◆ **Task item**: Your copy should match the listing below exactly, except that it holds no images.
· · ·
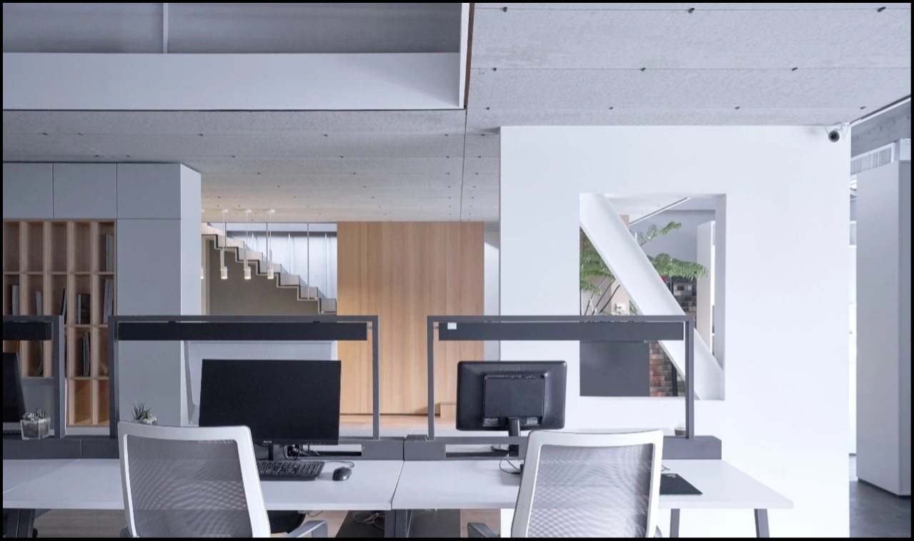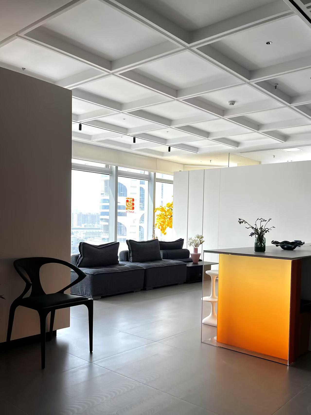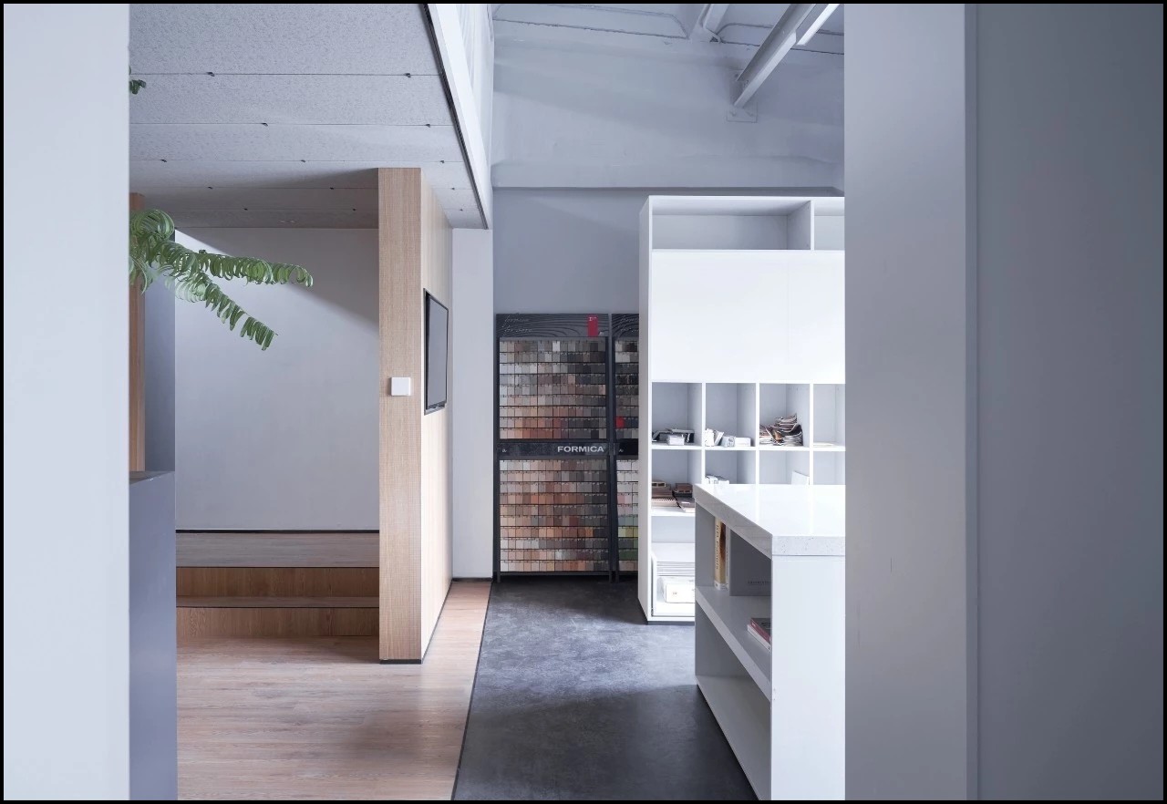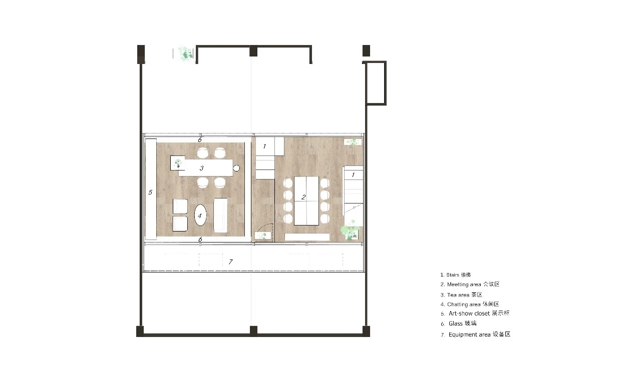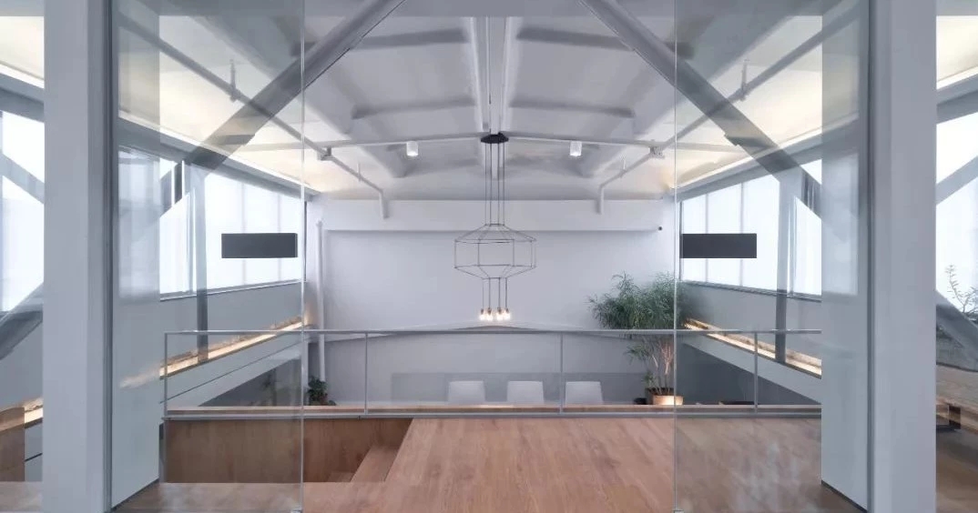 二层为会议区和会客区。我们把二层通过空间安排对使用效率较低的会议室,提高空间利用率。会客室则位于最里,通过台阶越过原有的三角结构梁,在这里进行更多私密性的交流。会客区除了会客功能,也是进行团队学习、分享、交流、共同成长的空间。
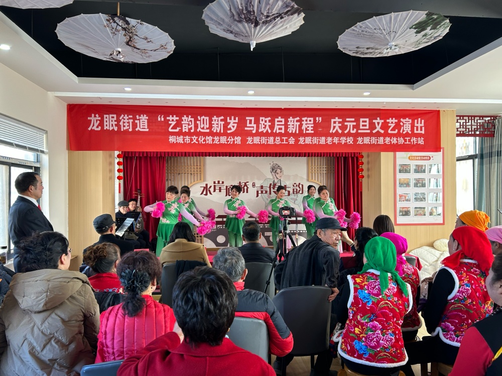 12月28日,由桐城市文化館龍眠分館、龍眠街道總工會、龍眠街道老年學(xué)校、龍眠街道老體協(xié)工作站聯(lián)合舉辦的“藝韻迎新歲 馬躍啟新程”慶元旦文藝演出在該街道五心驛站溫情上演。當(dāng)?shù)鼐用駳g聚一堂,在歡聲笑語中迎接2026年元旦佳節(jié)與即將到來的農(nóng)歷馬年,共同感受鄰里和睦的暖心氛圍。
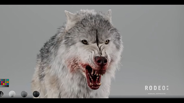 この野生の動物は、キャストとアップのシーンを共有するため、シームレスな統合とリアルなディテールが要求されました。筋肉シミュレーションから、丹念に手入れされた毛皮まで、私たち Rodeo FX のチームはオオカミに鮮烈なリアリズムで命を吹き込みました。(youtube より)
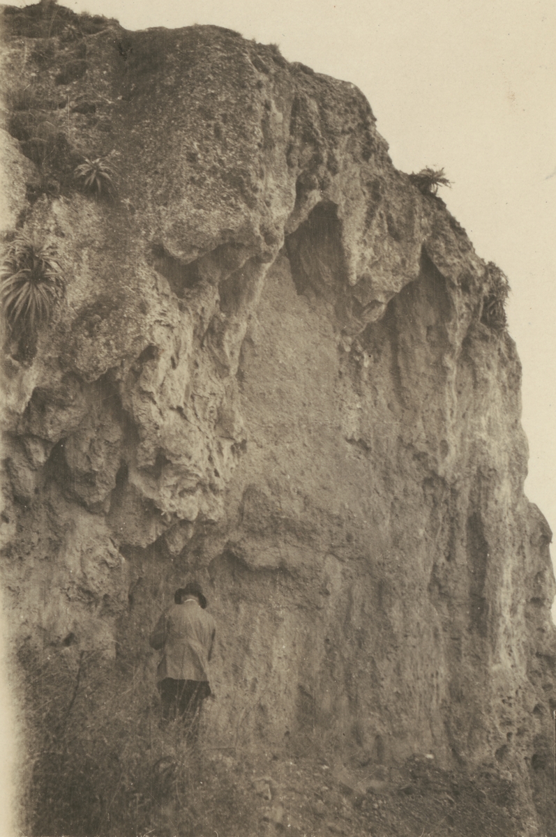 Fotografi från kuvert märkt med "Ernst Nordenskjöld". Motiv av man som står nedanför ett berg.
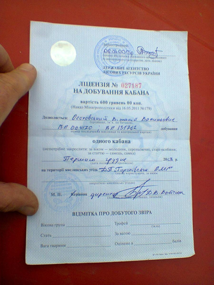 До слова, цього ж дня Віталій Жабчук натрапив у лісі на не менш цікаві факти, які стосуються того ж Віталія Андрійчука. «Коли я обходив рубку, знайшов щоденник єгеря, того, хто виконував тут роботу, Андрійчука Віталія. Якраз у той момент проходило полювання, але я знав що полювання проводиться в Горохівському лісництві і мисливці мають дозвіл на добування кабана. Коли я підійшов до групи мисливців, побачив збоку вбиту козулю. Чи знаєте ви, ким на сьогодні є пан Андрійчук? Мені по-народному сказали, що ніби то його вже поставили на посаду старшого по пеньках Горохівського району. Що це означає? Контролювати, щоб ніхто не зрізав дерев крім нього», – повідомив Віталій Феодосійович.
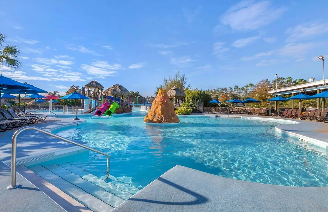 Leisure facilities feature the 1.5-acre Liki Tiki Lagoon Water Adventure Park, which includes five water slides and an erupting water volcano. Guests can also enjoy two expansive heated pools and a complimentary 9-hole miniature golf course.
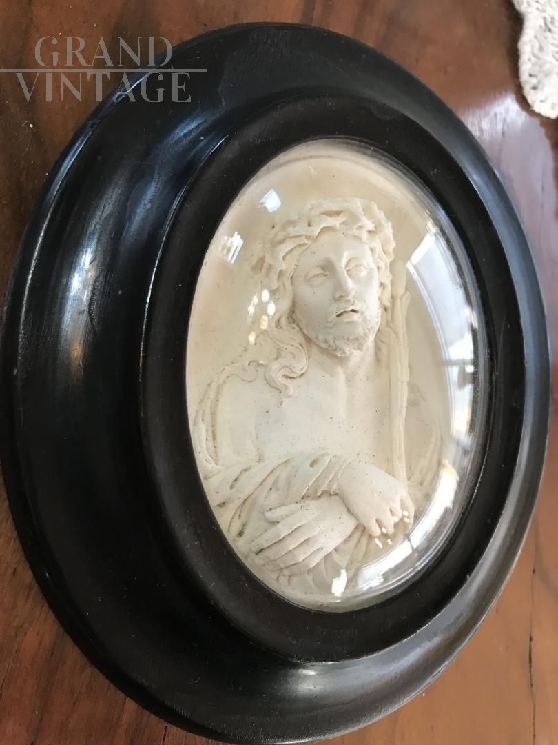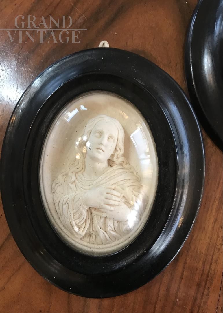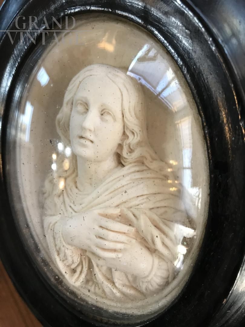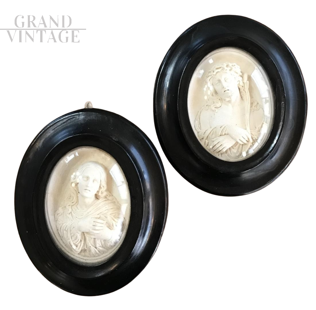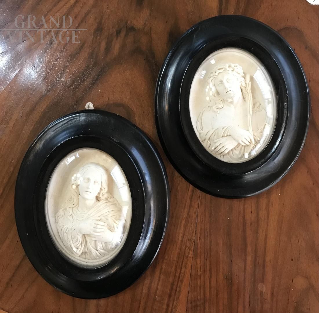 Coppia di quadri antichi Vittoriani in schiuma di mare o sepiolite scolpita a bassorilievo raffiguranti immagini sacre, con Gesù e Maria addolorati. Cornice originale in legno con vetro bombato protettivo.
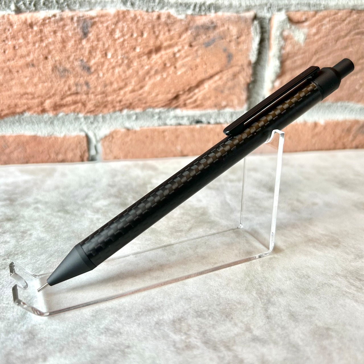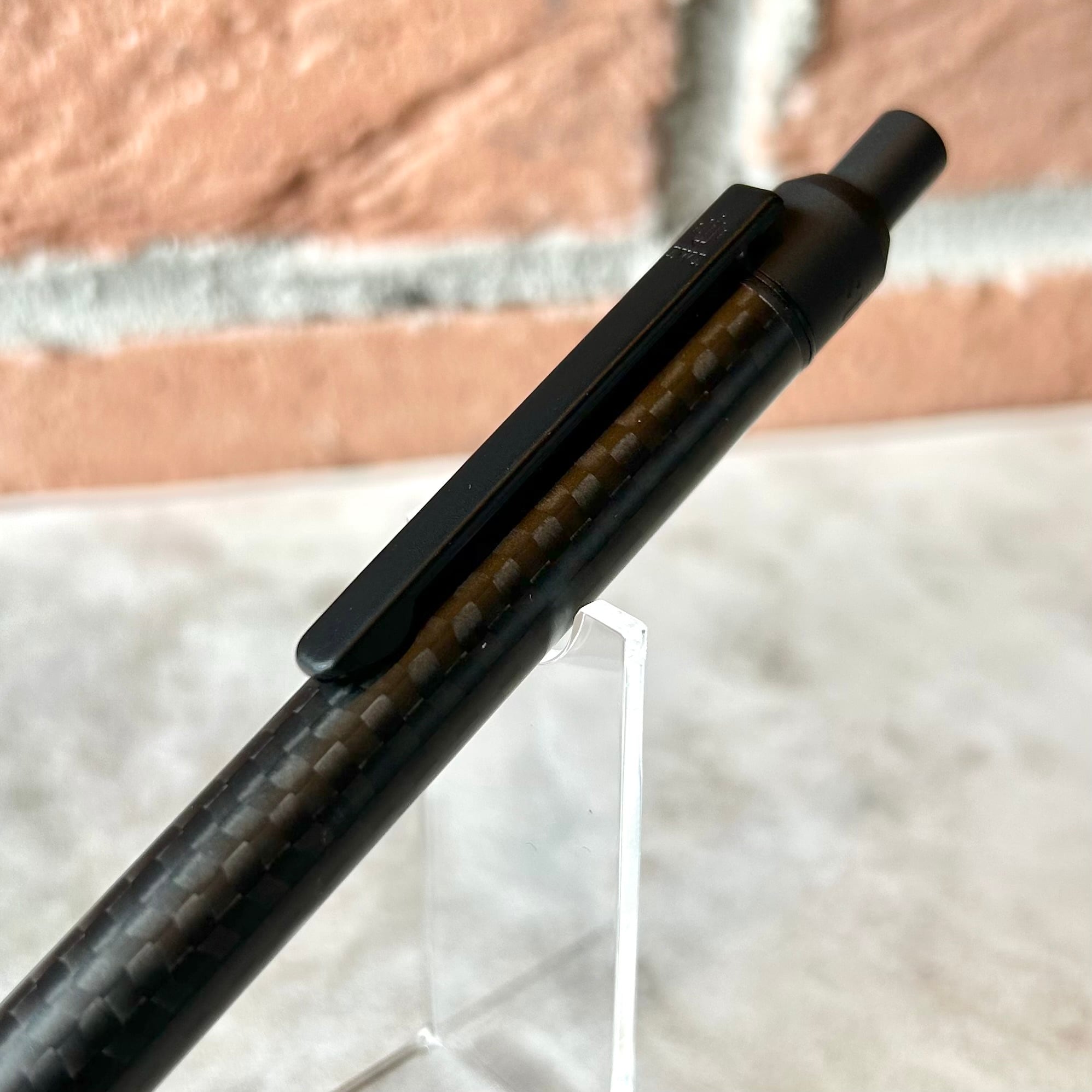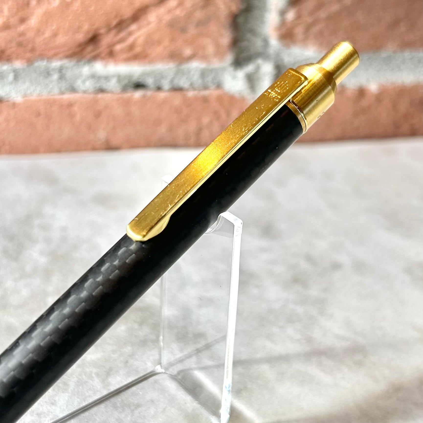 本体の真鍮素材にカーボンファイバーを組み合わせたシンプルなデザインが魅力的です。
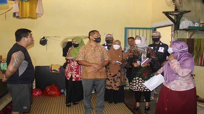 Tim dari Dinkes yang juga didampingi oleh Plh kalapas dan petugas lainnya mendatangi satu persatu kamar hunian warga binaan.
· · ·
◆ **The answer**:
 二层为会议区和会客区。我们把二层通过空间安排对使用效率较低的会议室,提高空间利用率。会客室则位于最里,通过台阶越过原有的三角结构梁,在这里进行更多私密性的交流。会客区除了会客功能,也是进行团队学习、分享、交流、共同成长的空间。
 12月28日,由桐城市文化館龍眠分館、龍眠街道總工會、龍眠街道老年學(xué)校、龍眠街道老體協(xié)工作站聯(lián)合舉辦的“藝韻迎新歲 馬躍啟新程”慶元旦文藝演出在該街道五心驛站溫情上演。當(dāng)?shù)鼐用駳g聚一堂,在歡聲笑語中迎接2026年元旦佳節(jié)與即將到來的農(nóng)歷馬年,共同感受鄰里和睦的暖心氛圍。
 この野生の動物は、キャストとアップのシーンを共有するため、シームレスな統合とリアルなディテールが要求されました。筋肉シミュレーションから、丹念に手入れされた毛皮まで、私たち Rodeo FX のチームはオオカミに鮮烈なリアリズムで命を吹き込みました。(youtube より)
 Fotografi från kuvert märkt med "Ernst Nordenskjöld". Motiv av man som står nedanför ett berg.
 До слова, цього ж дня Віталій Жабчук натрапив у лісі на не менш цікаві факти, які стосуються того ж Віталія Андрійчука. «Коли я обходив рубку, знайшов щоденник єгеря, того, хто виконував тут роботу, Андрійчука Віталія. Якраз у той момент проходило полювання, але я знав що полювання проводиться в Горохівському лісництві і мисливці мають дозвіл на добування кабана. Коли я підійшов до групи мисливців, побачив збоку вбиту козулю. Чи знаєте ви, ким на сьогодні є пан Андрійчук? Мені по-народному сказали, що ніби то його вже поставили на посаду старшого по пеньках Горохівського району. Що це означає? Контролювати, щоб ніхто не зрізав дерев крім нього», – повідомив Віталій Феодосійович.
 Leisure facilities feature the 1.5-acre Liki Tiki Lagoon Water Adventure Park, which includes five water slides and an erupting water volcano. Guests can also enjoy two expansive heated pools and a complimentary 9-hole miniature golf course.
 Coppia di quadri antichi Vittoriani in schiuma di mare o sepiolite scolpita a bassorilievo raffiguranti immagini sacre, con Gesù e Maria addolorati. Cornice originale in legno con vetro bombato protettivo.
 本体の真鍮素材にカーボンファイバーを組み合わせたシンプルなデザインが魅力的です。
 Tim dari Dinkes yang juga didampingi oleh Plh kalapas dan petugas lainnya mendatangi satu persatu kamar hunian warga binaan.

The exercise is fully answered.